We’re still on the line with Fatima Bhutto, the Pakistani poet, the niece of the assassinated former prime minister Benazir Bhutto. Fatima, I wanted to ask you about the growing strength of the Taliban. And, well, the Washington Post is reporting the US military has sent six helicopters, ninety-one troops, hundreds of thousands of meals from neighboring Afghanistan, to help with relief efforts in Swat. The presence of US troops on the ground in Pakistan has the potential to kick up controversy, given the deep mistrust of American motivation. And it goes on to say, Islamic charities, including ones that are known fronts for banned militant groups, have begun distributing assistance in some areas, as have Western governmental organizations, but for the most part, residents said they’re receiving no aid at all. So talk about what this means for the military and for the rise of the Taliban in Pakistan.
FATIMA BHUTTO: Well, certainly the last statement is correct, and we know this again to be true from the 2005 earthquake. The state is absolutely unwilling or incompetent when it comes to providing even the most basic of services to their people during peacetime, during times of no natural disasters.
Secondly, while there is aid coming from the American military, we also have to remember that American Predator drones fly over Pakistan on what feels like weekly missions—what are weekly missions—in attacks that have killed more than 200 unnamed Pakistanis this year alone. So, with one hand, America cannot expect to give aid and find people, you know, grateful recipients of that aid, and the other, bomb people overhead, people who have not been indicted, people who have been, you know, uncharged with anything.
And certainly, what we know to be true, again, from the 2005 earthquake is the fact that when there is a total absence of the state, a vacuum is created.
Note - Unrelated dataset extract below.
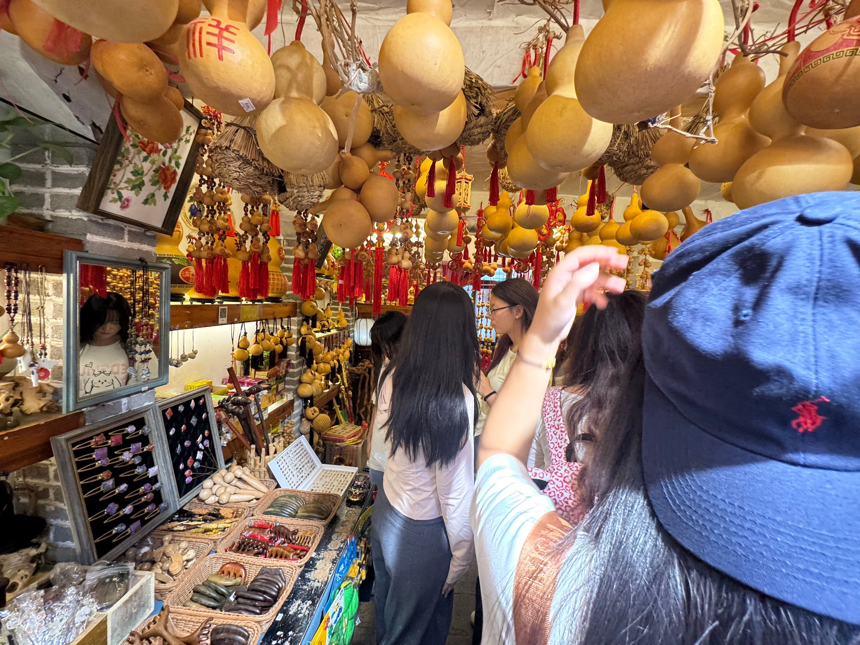 9月15日,实践团队首站抵达以民俗文化和手工艺闻名的袁家村。在这里,学生们不再是 “旁观者”,而是以 “参与者” 的身份深入传统手工艺制作现场。从揉泥、拉坯、塑形到上釉的陶瓷制作全流程,再到经纬交织、纹样创作的传统编织技艺,学生们亲手操作,在指尖的触感中感受传统工艺的细腻与严谨。同时,他们还与当地坚守手艺的匠人展开深入交流,倾听每一项技艺背后的历史故事与传承困境,了解匠人如何在坚守传统的基础上适应时代需求。这场沉浸式体验,让学生们对 “传统手工艺如何活在当下” 有了更直观、更深刻的认知,也为后续探索传统工艺的现代转化积累了鲜活素材。
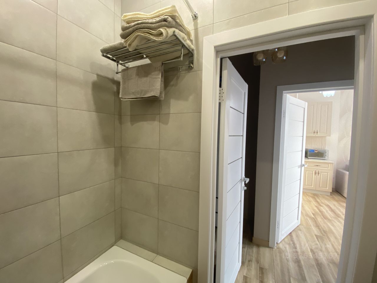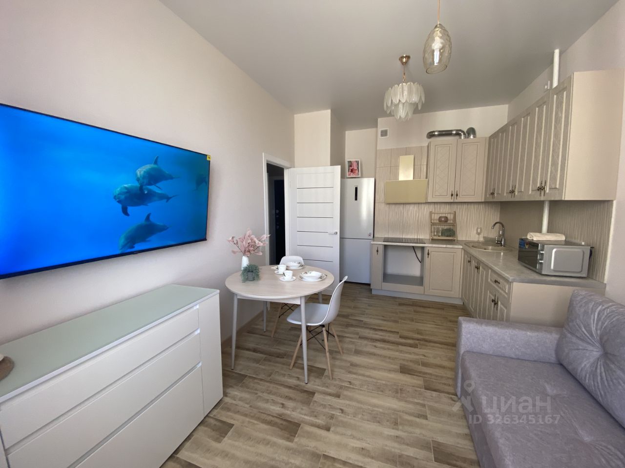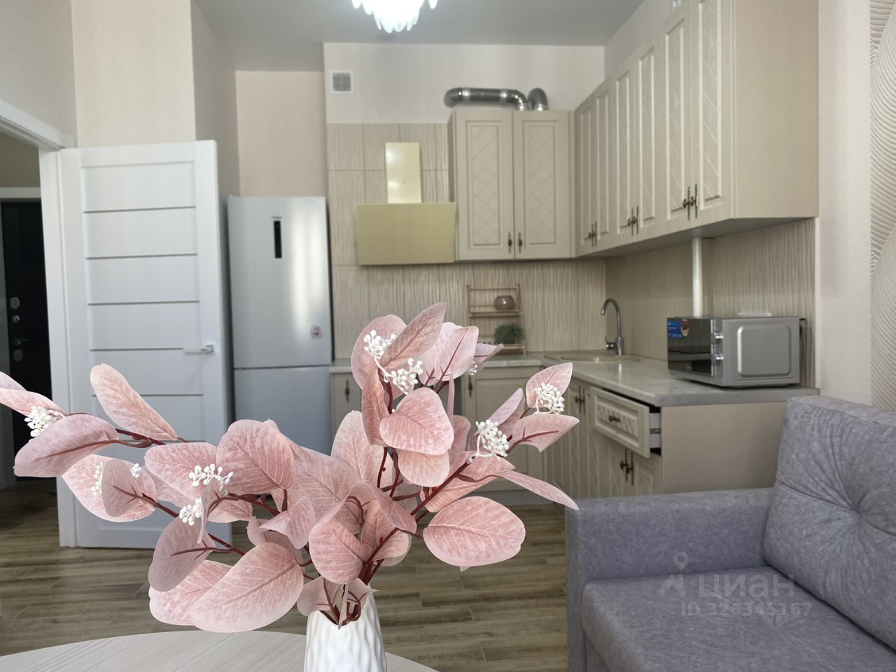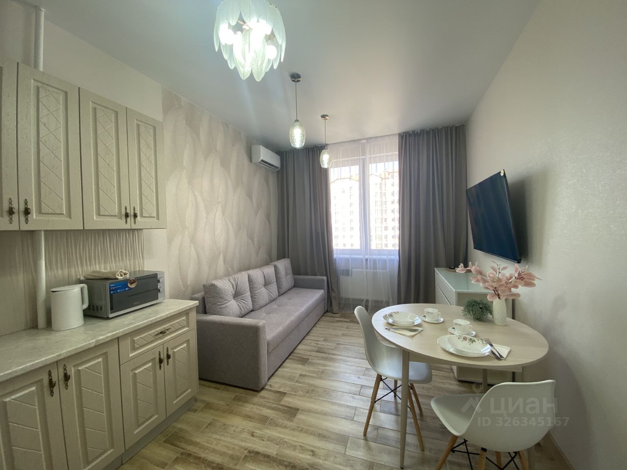 Площадь квартиры 36 м2, в кухне установлен раскладывающийся диван. Состояние мебели, техники новое. В доме два лифта.

We know, not just in the northern parts of Pakistan that were badly hit by the 2005 earthquake, but many other parts of the country are without access to justice. They’re without any law-and-order institutions set up. They have no access to hospitals or schools. And that vacuum is very ably filled by militant groups, who come in, who provide madrasah education, which may be a child’s only chance to learn how to read and write. They provide quick and speedy access to what they believe is justice. And indeed, their popularity grows as a result. And we’re seeing that now with the floods. We are still seeing that. We are seeing, in parts of the flood-affected areas, the BBC is reporting, that survivors have physically attacked government officials and members of the ruling party, who have been absolutely inept when it comes to caring for their constituents and to providing any form of aid.
AMY GOODMAN: Is global warming tied to the floods, Fatima?
FATIMA BHUTTO: Well, I would certainly—I would certainly think so. I think there is any number of issues that are tied to these floods. I mean the global warming, the poor construction of these very large ineffectual dams, and the fact that Pakistan, even though we have monsoon season every year—it comes at the same time every year—the state has not strengthened any institutions that could have and should have contained the rain.
AMY GOODMAN: Fatima Bhutto, I want to thank you for being with us, Pakistani poet, niece of the assassinated former prime minister Benazir Bhutto. Her memoir, Songs of Blood and Sword, will be published in the United States this fall.